In the mid-1950s the first sulfonylureas (SU) were developed for commercial use (carbutamide and tolbutamide). In the mid-1960s there were already four SUs on the market (tolbutamide, acetohexamide, tolazamide and chlorpropamide), which are currently known as the first-generation SUs. At the end of the 1960s, second-generation SUs were introduced (glibenclamide, glipizide, gliquidone, and gliclazide). In 1970, the results of the University Group Diabetes Program (UGDP) were published, where it was concluded that tolbutamide was ineffective in the treatment of the diabetes and also increased cardiovascular mortality. This study had a major impact not only in the U.S., but also in various European countries, and resulted in a considerable decrease in the use of SUs. Nevertheless, since the results of the UGDP were much criticized regarding the methodology of the study, and there was evidence of its clinical effectiveness, in 1979 the American Diabetes Society decided to end restrictions of the use of SUs and they have been marketed in the U.S. since 1984. More recently, a new long-acting SU has been introduced: glimepiride.

Mechanism of action

The SUs stimulate the second phase of insulin secretion by pancreatic beta cells, that is to say, the release of preformed insulin. Therefore, the SUs require the presence of a critical mass of beta cells with insulin secretory capacity in order to act. Therefore, the SUs will not be effective in patients who are pancreatectomized or have type 1 diabetes mellitus. The SUs act through high-affinity receptors located in the pancreatic beta cells. Binding to these receptors inhibits the opening of ATP-sensitive potassium channels and avoids potassium outflow from the cell, thus triggering cell membrane depolarization. As a result, the calcium channels open, increasing intracellular calcium content and calcium binding to calmodulin, which produces microfilament contraction and the exocytosis of insulin granules.
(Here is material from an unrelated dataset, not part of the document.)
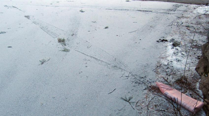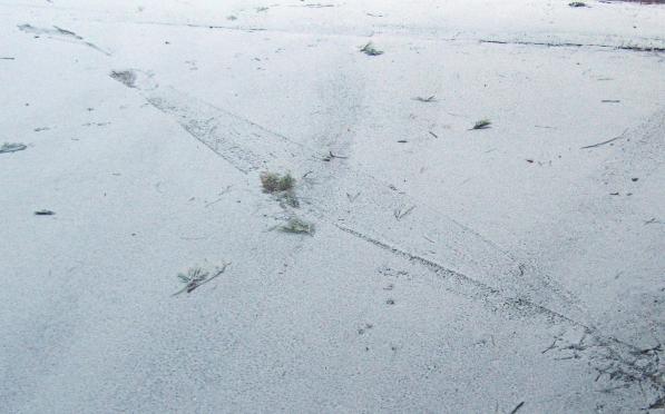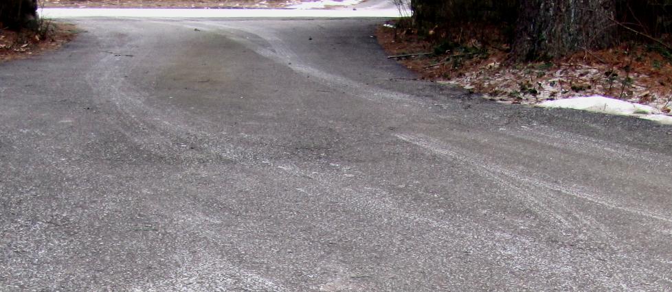 These are the tracks on the dry driveway of Toyotus camry - my Toyota Camry sedan. They're made in the salt and sand put down by the town to melt the snow, dragged into my driveway from the road.

In the heart and throughout the cardiovascular system there are also SU receptors and ATP-sensitive potassium channels, which have an important cardioprotective effect against ischemia. Closure of these channels by SUs could contribute to ischemia. Nevertheless, although this possible harmful effect seems evident in experimental studies in which high doses of SUs are administered acutely, this does not seem to be clinically relevant, as has been shown in the UKDPS study.

Clinical pharmacology. 

The SU differ in potency, duration of action, metabolism, undesirable effects, and other pharmacological properties. The second-generation SUs are more potent and have less toxicity than the first-generation SUs. All the SUs are absorbed quickly in the digestive tract, reaching peak plasma level 2-4 h after ingestion. They bind mainly to albumin, from which they can be displaced by other drugs. The metabolism is fundamentally hepatic and its metabolites are eliminated in urine and, to a lesser extent, in bile. Gliquidone is eliminated mainly in bile, so it can be used in cases of moderate kidney failure.